Nadejda Reilly had a catering business when she filed for Chapter 7 bankruptcy in 2005, which allowed her to keep up to $10,718 worth of property. She claimed that the value of her cooking equipment totaled exactly that amount -- "a remarkable coincidence," Chief Justice John Roberts noted during oral arguments.

Bankruptcy trustee William Schwab failed to object within 30 days, and Reilly considered her property safe from the auction block.

But when an auctioneer appraised the equipment at $17,000, Schwab pushed for to a sale. He wanted to sell the items, give Reilly $10,718 of the proceeds and distribute the rest of the money to her creditors.

Reilly objected, arguing that Schwab couldn't sell her tools because he missed the 30-day deadline to object to the value of her exemptions.

In the high court's 6-3 ruling, Justice Clarence Thomas wrote that the trustee "had no obligation to object," and that Reilly's approach "threatens to convert a fresh start into a free pass."

"Congress balanced the difficult choices that exemption limits impose on debtors with the economic harm that exemptions visit on creditors," Thomas wrote, "and it is not for us to alter this balance by requiring trustees to object to claimed exemptions based on form entries beyond those that govern an exemption's the (Bankruptcy) Code."

Justice Ruth Bader Ginsburg, writing for the dissent, said the value of exempt property becomes final "absent a timely objection."
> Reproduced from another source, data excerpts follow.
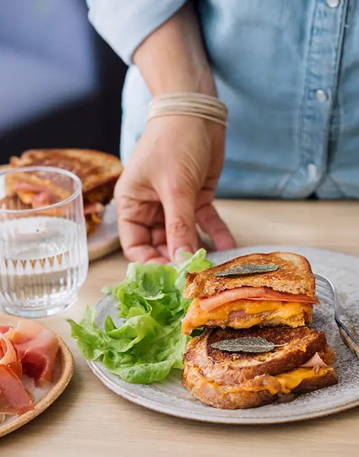 Grilled cheese, pain de campagne, jambon cru « les fines et fondantes » cheddar et chutney d’échalotes
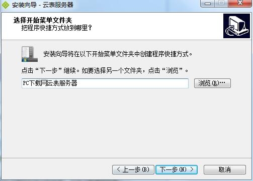 4、设置好所需安装内容后,单击“下一步”按钮,弹出设置程序文件夹操作界面。系统默认的程序文件夹是“云表服务器”在一般情况下不需要做任何修改。
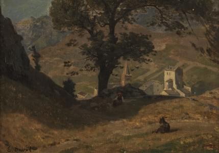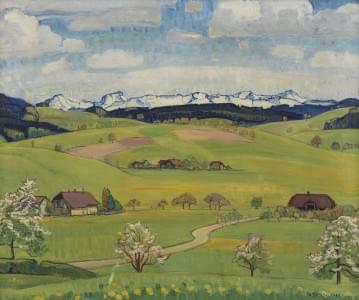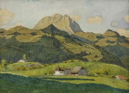 Vue de montagne près de Sion, huile sur carton, signée, 25x35 cm...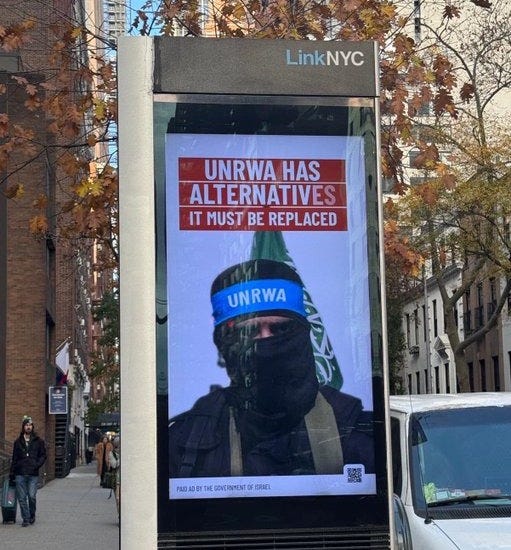 Israel just started running ads around the UN, trying to destroy UNRWA, the last lifeline for Gaza, in furtherance of their genocidal project: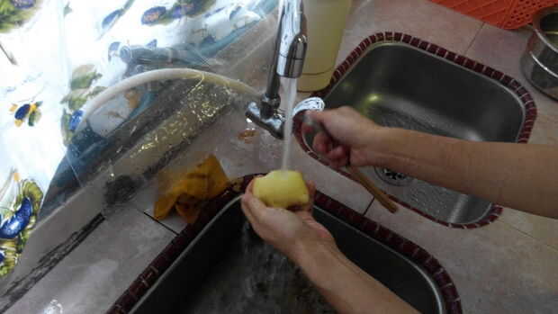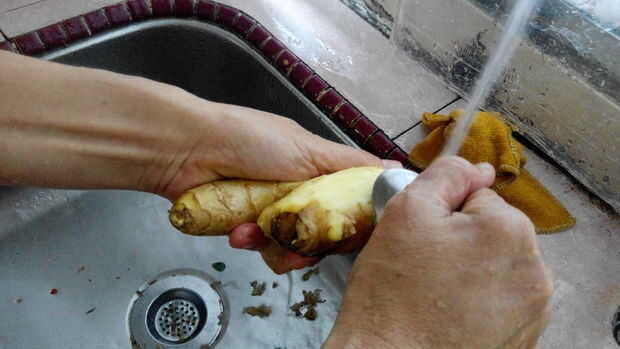 1. Use una cuchara para el desguace de la piel del jengibre bajo agua corriente.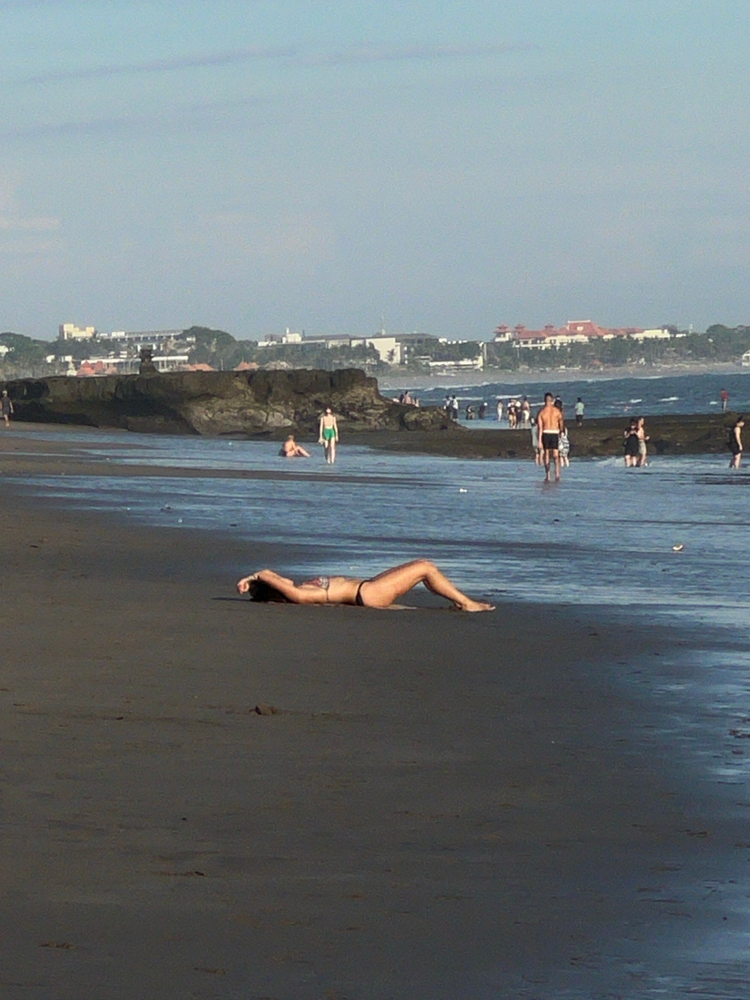 A woman in a bikini is doing a handstand on a beach. The beach is wet and dark, suggesting it's low tide. Other people are visible in the background, some standing near a rocky outcrop and others further down the beach. Buildings line the coastline in the background, characteristic of a populated area. The location is North Kuta, Indonesia. | Open Wire

"In addition to departing from the prevailing understanding and practice," she wrote, "the Court's decision exposes debtors to protracted uncertainty concerning their right to retain exempt property, thereby impeding the 'fresh start' exemptions are designed to foster."

Justice Stephen Breyer and Chief Justice Roberts joined Ginsburg in dissent.

The majority's opinion reverses and remands the 3rd Circuit's ruling for Reilly.